■ **Exercise data**:
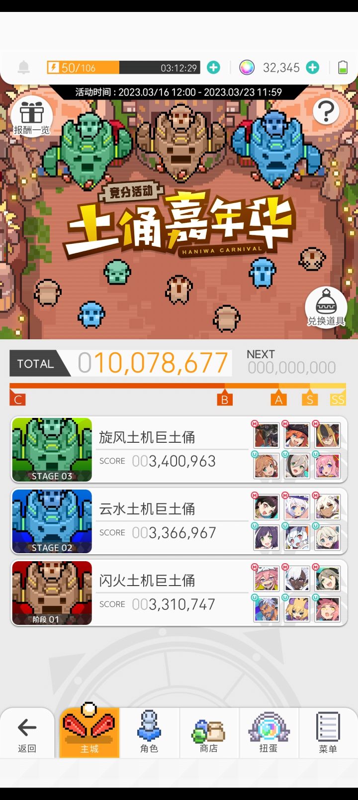 两三天凹分凹到凌晨一两点,终于把奖励拿全了除了风土俑的火狼低配减C盘是没有合适的攻略视频可以嫖,纯一点一点抠出来的细节分(大致手操思路可以比对剑PF盘,我尝试录频如果能录出来凹到345w+的我就传B站),另外两个盘B站都可以搜到相同高配配队给像我一样五星破晶、六班素材自己限定角色都缺的弹友一点信心,哪怕角色不够,练度不够,也能想想办法凹到全奖励
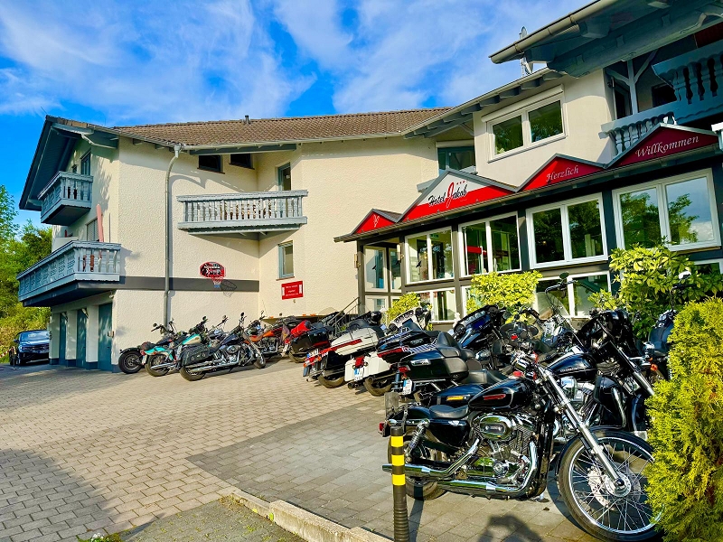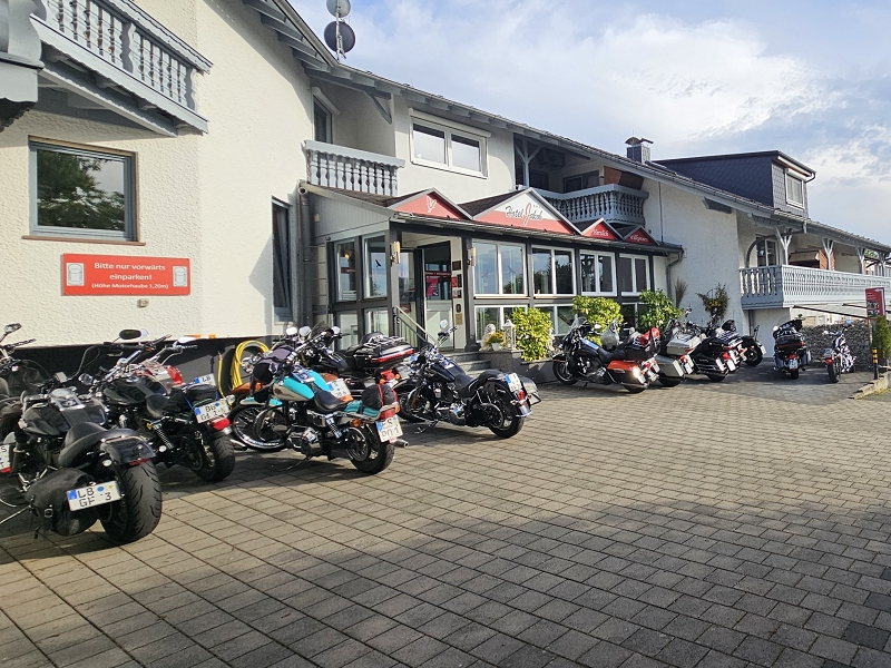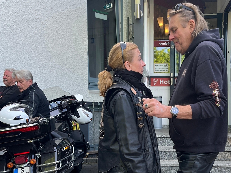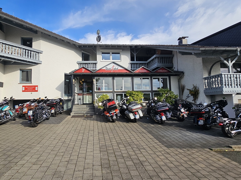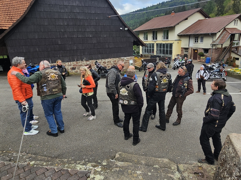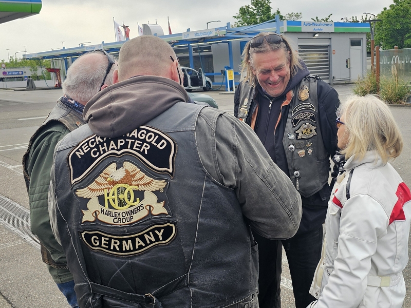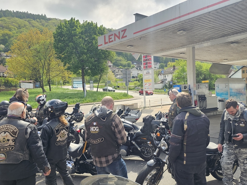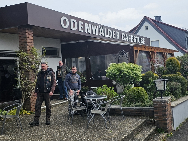 Über Bietigheim, Heilbronn ging es nach Bad Wimpfen wo wir eine kurze Pause einlegten. Danach ging es entlang des Neckars nach Ebersbach. Dort konnte Matze an der Tankstelle Lenz seinen Spritbedarf decken. Ob er einen Familienrabatt bekam ist leider nicht bekannt. Nach weiteren 12 km trafen wir zur Mittagspause im Landgasthaus Zur Mühle in Waldbrunn-Oberhöllgrund ein. Die Bärlauchbratwürste waren sehr zu empfehlen, aber alles andere an Essen und Service war ebenso sehr gut. Um keine Müdigkeit aufkommen zu lassen ging es dann zügig weiter. Kurze Pause in Würzberg beim Oderwälder Cafe Stüble. Kaffee und Kuchen waren angesagt. Nach weiteren 40 km kamen wir gegen 16 Uhr in Groß-Umstadt an. Bevor wir im Hotel Jakob eincheckten wurden unsere Stahlrosse aufgetankt.
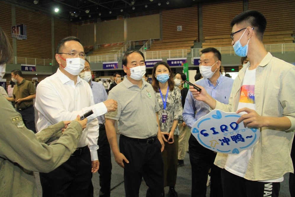 公司党总支书记张效民、经理谢韬、副经理张颖、党总支副书记彭澍以及团总支书记、辅导员钱梦婷到工作现场慰问工作人员,并和前来报到的新生合影留念。
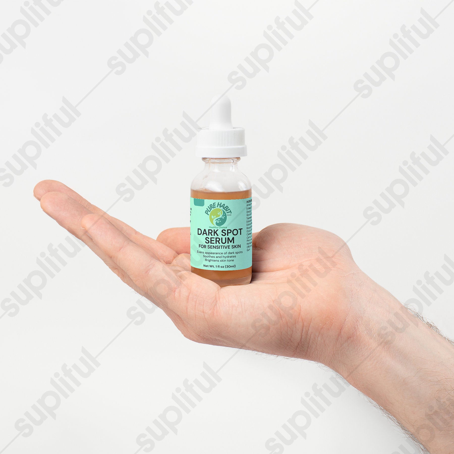 Introducing our Dark Spot Serum, designed for sensitive skin. Hydration sets the stage for targeted dark spot reduction. Natural extracts work together to brighten and even skin tone while providing soothing repair.
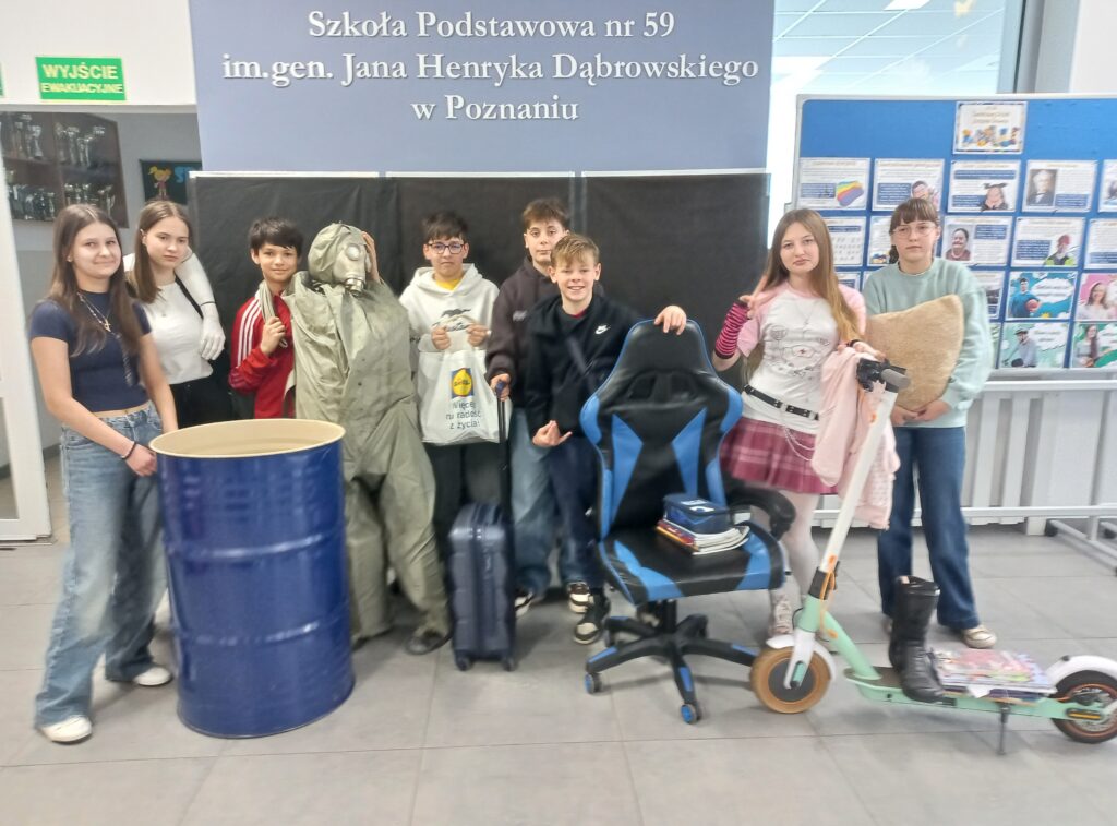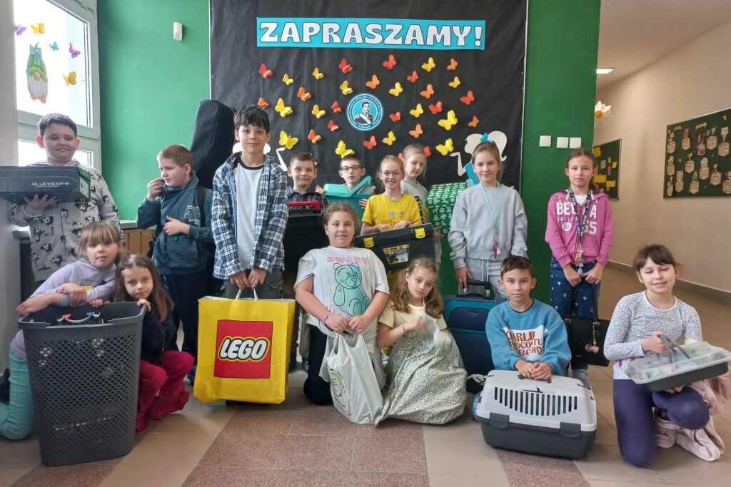 Z okazji pierwszego dnia wiosny obchodziliśmy w naszej szkole Dzień bez Plecaka. Kolejny raz uczniowie zaimponowali swoją pomysłowością, pakując książki do… beczki, kombinezonu, szuflady i najróżniejszych pojemników, przywożąc je hulajnogą lub na krześle.

■ **What you will do**:
What you return should be only the exact lines from the top of the entries through the line with "公司党总支书记张效民、经理谢", minus the pictures.

■ **Result for this task**:
 两三天凹分凹到凌晨一两点,终于把奖励拿全了除了风土俑的火狼低配减C盘是没有合适的攻略视频可以嫖,纯一点一点抠出来的细节分(大致手操思路可以比对剑PF盘,我尝试录频如果能录出来凹到345w+的我就传B站),另外两个盘B站都可以搜到相同高配配队给像我一样五星破晶、六班素材自己限定角色都缺的弹友一点信心,哪怕角色不够,练度不够,也能想想办法凹到全奖励
 Über Bietigheim, Heilbronn ging es nach Bad Wimpfen wo wir eine kurze Pause einlegten. Danach ging es entlang des Neckars nach Ebersbach. Dort konnte Matze an der Tankstelle Lenz seinen Spritbedarf decken. Ob er einen Familienrabatt bekam ist leider nicht bekannt. Nach weiteren 12 km trafen wir zur Mittagspause im Landgasthaus Zur Mühle in Waldbrunn-Oberhöllgrund ein. Die Bärlauchbratwürste waren sehr zu empfehlen, aber alles andere an Essen und Service war ebenso sehr gut. Um keine Müdigkeit aufkommen zu lassen ging es dann zügig weiter. Kurze Pause in Würzberg beim Oderwälder Cafe Stüble. Kaffee und Kuchen waren angesagt. Nach weiteren 40 km kamen wir gegen 16 Uhr in Groß-Umstadt an. Bevor wir im Hotel Jakob eincheckten wurden unsere Stahlrosse aufgetankt.
 公司党总支书记张效民、经理谢韬、副经理张颖、党总支副书记彭澍以及团总支书记、辅导员钱梦婷到工作现场慰问工作人员,并和前来报到的新生合影留念。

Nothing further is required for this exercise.